Italy: Inflation rises in September from the prior month
Latest reading: Harmonized consumer prices were up 1.8% on a year-on-year basis in September, following a 1.6% rise in the previous month, and remaining below the ECB’s 2.0% inflation target for the fifth consecutive month.
Relative to the previous month’s data, there were higher price pressures for transportation (+0.3% on a year-on-year basis vs -0.2% in August) and restaurants and hotels (+3.7% vs +3.2% in August).
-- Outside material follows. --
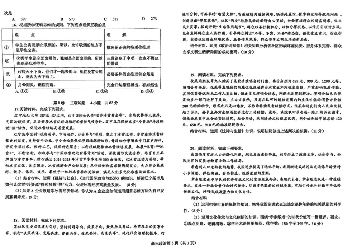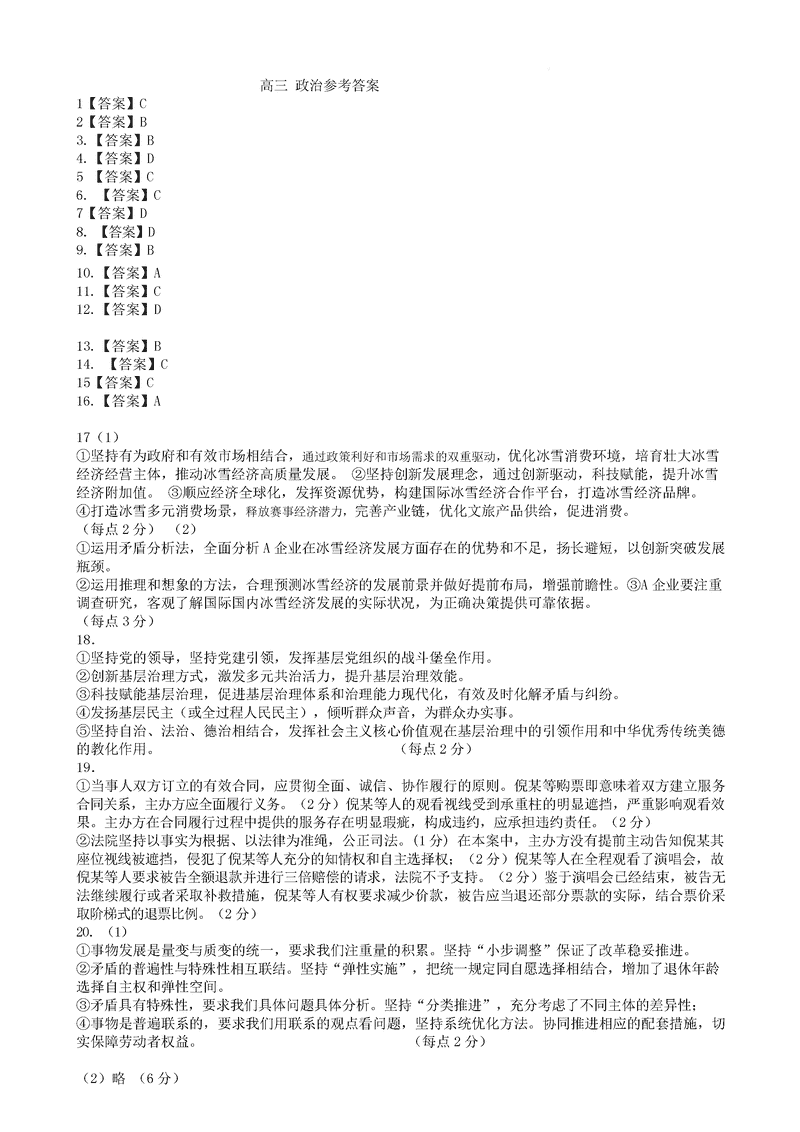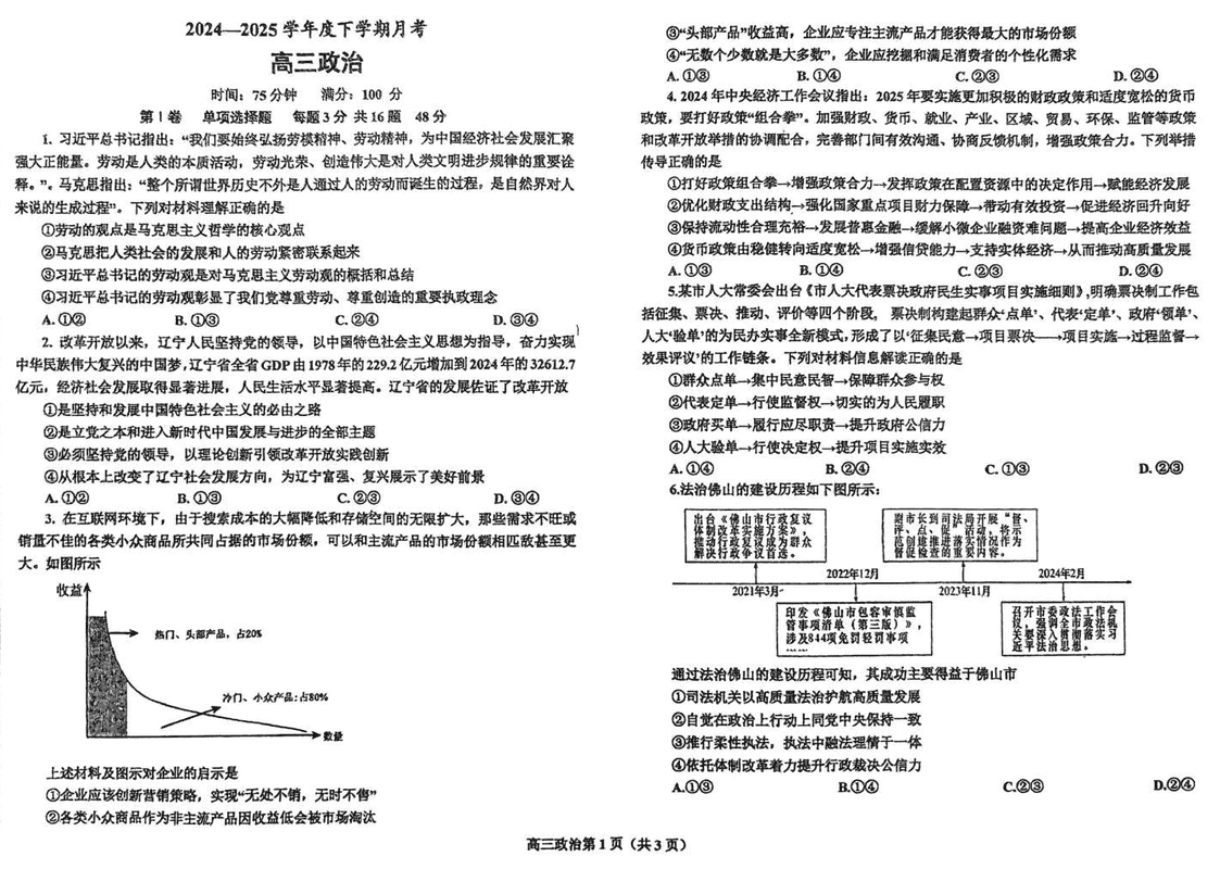鞍山市2024-2025学年高三下学期第一次月考政治试题及答案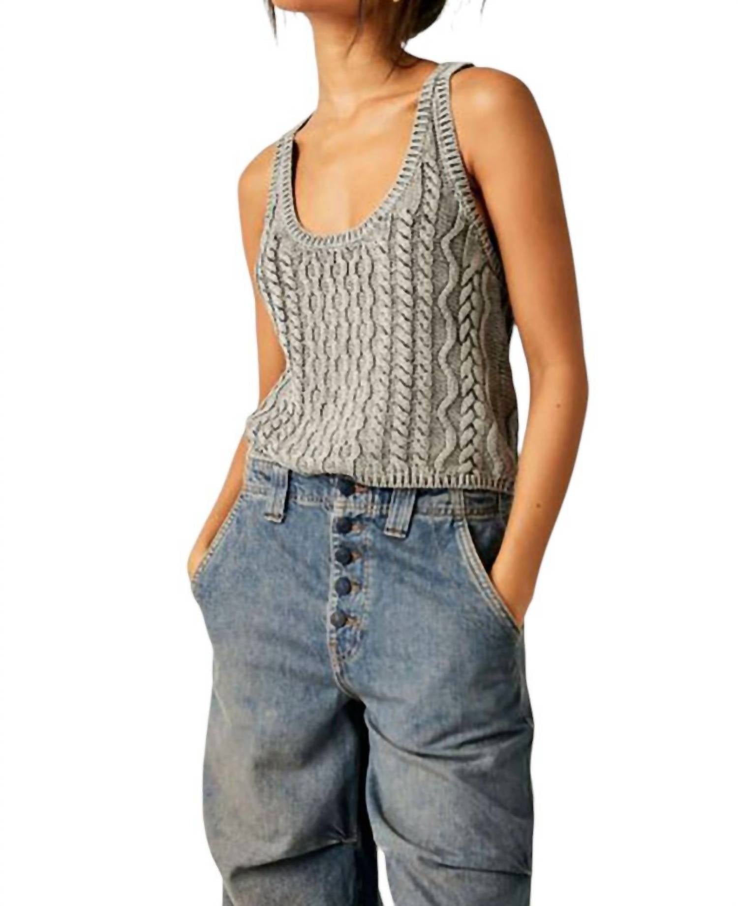 The High Tide Cable Tank Top by Free People is a versatile sleeveless piece crafted from cotton. It features a slouchy, slightly cropped silhouette, scoop neckline, and racer-style back, with classic cable knit detailing. With a relaxed fit, it’s perfect for layering or wearing alone. For size small, the bust measures 31 inches and the length is 19 inches. Care: hand wash cold. Imported.

In contrast, there were reduced price pressures for food and non-alcoholic beverages (+3.7% vs +4.2% in August), housing and utilities (-1.0% vs -0.8% in August) and recreation (+0.9% vs +1.6% in August).
Meanwhile, consumer prices rose 1.6% in annual terms in September, unchanged from the previous month’s reading.
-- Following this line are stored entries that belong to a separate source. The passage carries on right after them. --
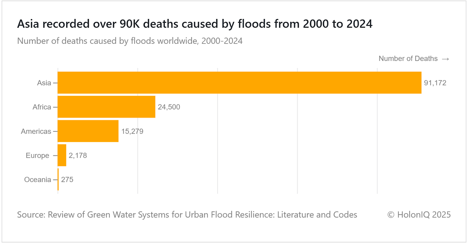 Asia recorded over 90K deaths caused by floods from 2000 to 2024, representing nearly 60% of global flood fatalities and significantly exceeding Africa's 24,500 deaths. The concentration of casualties in Asia reflects the region's dense population in flood-prone areas and increasing extreme weather events. Recent catastrophic flooding in South East Asia and SriLanka due to Cyclone Ditwah, which claimed hundreds of lives in December 2025, has accelerated Asian discussions on climate adaptation infrastructure. Death tolls raise concerns about the fitness of flood management frameworks. Initiatives such as the ADB’s Integrated Flood Risk Management have been proposed for appropriate precautions to prevent further damage from floods.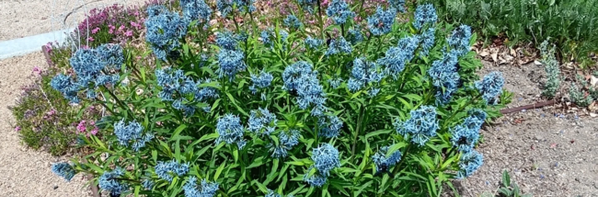 Amsonia, a plant native to the Northeastern USA, seems to be little known in the West. They are commonly known as bluestars on account of the shape and color of their flowers. I have never found it in local nurseries, but I have always been curious to find out how it would do in the Eastern Sierra since it is said to be hardy in USDA zones 3-11.
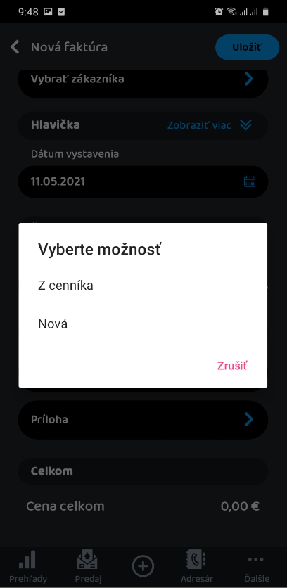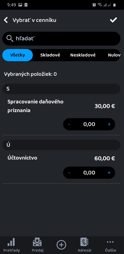 Kliknite na možnosť Z cenníka a zobrazia sa vám všetky položky, ktoré v ňom máte uložené. Zvolíte tú správnu a zadáte množstvo. Výber potvrdíte fajkou v pravom hornom rohu.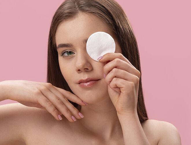 Используйте двухфазный демакияж или мицеллярную воду. Нанесите средство на ватные диски и прикладывайте к области глаз на 30-60 секунд.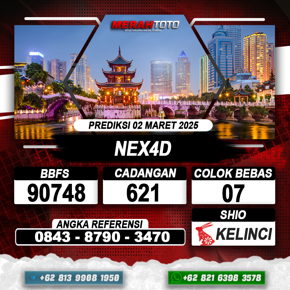 Prediksi NEX4D 02 MARET 2025 – Selamat Datang di Situs Prediksi Togel Online Akurat dan Resmi MERAHTOTO. Permainan Togel atau Toto  – Gelap ini telah lama menarik perhatian dan banyak dimainkan oleh para bettor. Sejak dulu permainan togel dimainkan dengan memasang taruhan angka dengan bandar darat yang tersedia di daerah masing – masing. Namun sekarang ini dengan perkembangan teknologi yang semakin maju, para bettor bisa menikmati permainan togel secara online. Anda bisa menemukan banyaknya Situs Bandar Togel Online yang menyediakan layanan pemasangan angka togel secara praktis. Dimana masing – masing situs bandar togel online resmi dan terpercaya tentu menyediakan layanan dan keuntungan yang berbeda – beda untuk Anda.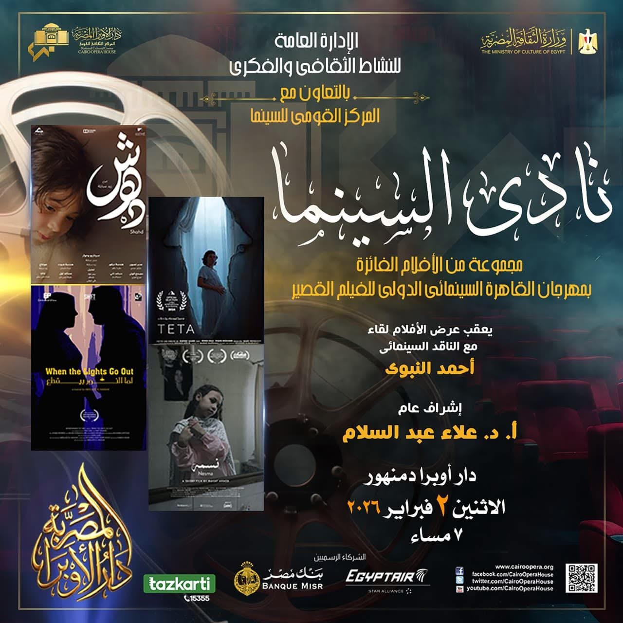 تقدم دار الأوبرا المصرية برئاسة الدكتور علاء عبد السلام ضمن نشاطها الثقافى والفكرى وعروض نادى السينما بإشراف رشا الفقى وهو بالتعاون مع المركز القومى للسينما مجموعة مختارة من الأفلام المصرية والأردنية الفائزة فى مهرجان القاهرة السينمائى الدولى للفيلم القصير وذلك فى السابعة مساء الإثنين ٢ فبراير على مسرح أوبرا دمنهور .
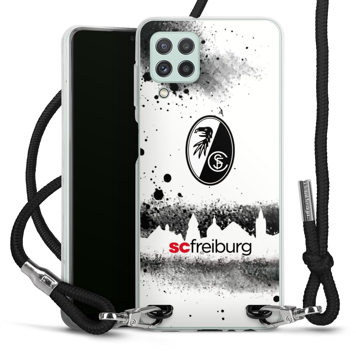 Bei DeinDesign kannst Du Dir eine individuelle SC-Freiburg-Handyhülle aussuchen, auf der das stilvolle schwarz-weiße Logo mit dem Greifenkopf zu sehen ist. Durch eine solche Hülle erhält Dein Smartphone ein unverkennbar individuelles Design. Der SC-Freiburg-Shop bietet lizensierte Fanartikel für alle Fans der Breisgau-Brasilianer.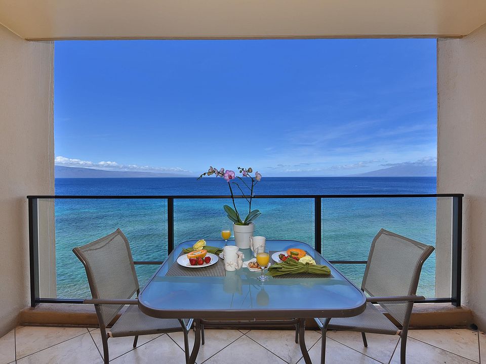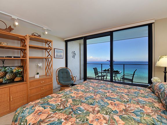 Experience the beauty of Maui from this private 9th-floor studio condo, Mahana 913, offering breathtaking oceanfront views. Facing west, it boasts stunning sunsets, whales breaching seasonally, and picturesque views of Lanai and the majestic island of Molokai. Relax on your lanai as you listen to the gentle surf, watch sea turtles and dolphins play in the waves, and feel the soothing trade winds. Situated on the pristine N. Kaanapali Beach, a three-mile stretch of sandy shore, you'll enjoy great swimming, kayaking, surfing, and snorkeling. After a day of adventure, unwind on your private lanai with a spectacular sunset. Guests are welcomed with a charming Hawaiian-style lobby, making every visit special from the moment they arrive. The design features include custom kitchen and bathroom wood cabinets, recessed lighting, granite countertops, walk-in glass-door shower, washer-dryer, tile flooring throughout and central air conditioning. Amenities at the Mahana resort include a private access gate to the Kaanapali beach boardwalk, an oceanfront swimming pool and spa, shuffleboard, pickleball/tennis courts, and two BBQ areas. This beautifully furnished condominium is fully equipped and ready to short term vacation rent at a premium ... or have as your own friends and family island getaway. Short-term rentals are permitted, and 913 uses onsite vacation rental management through Aston. Aston managed units are in a rental pool, so the unit collects income whether it is occupied or not. This is a Hotel Zoned property per County Records. Mahana is located within minutes to Duke's restaurant, grocery stores, shopping and food trucks.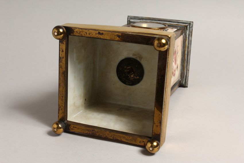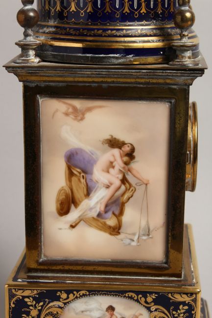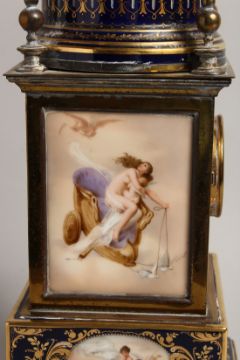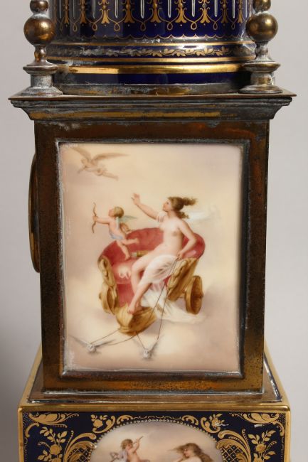 A SUPERB 19TH CENTURY VIENNA SQUARE SHAPED CLOCK with porcelain panels, blue and gilt ground, the panels painted with cherubs and classical figures with domed top and circular dial, on ball feet.
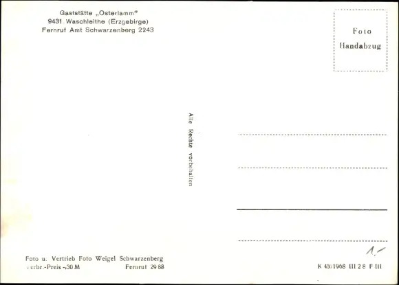Ak Waschleithe Grünhain Beierfeld im Erzgebirge, Gaststätte Osterlamm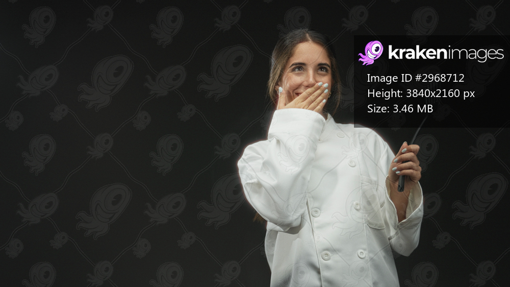 Woman chef in white jacket covers mouth with hand while holding a spatula on a dark studio set; playful joy.

Lastly, harmonized consumer prices were up 1.29% in September on a month-on-month basis, following a 0.24% fall in the prior month.
Panelist insight: Commenting on the outlook, ING’s Paolo Pizzoli stated:
“Wage growth, a powerful driver of services inflation, has also cooled […], despite a low unemployment rate. This is slowing the recovery in the purchasing power gap, which widened markedly over 2022 and 2023, and yet remains to be filled. Against a backdrop which remains uncertain, an imminent acceleration in private consumption, inducing excess demand inflation, seems unlikely. Pricing intentions from business surveys are also signalling a prudent pricing approach expected over the next few months, with no relevant deviation from current policies in any direction.”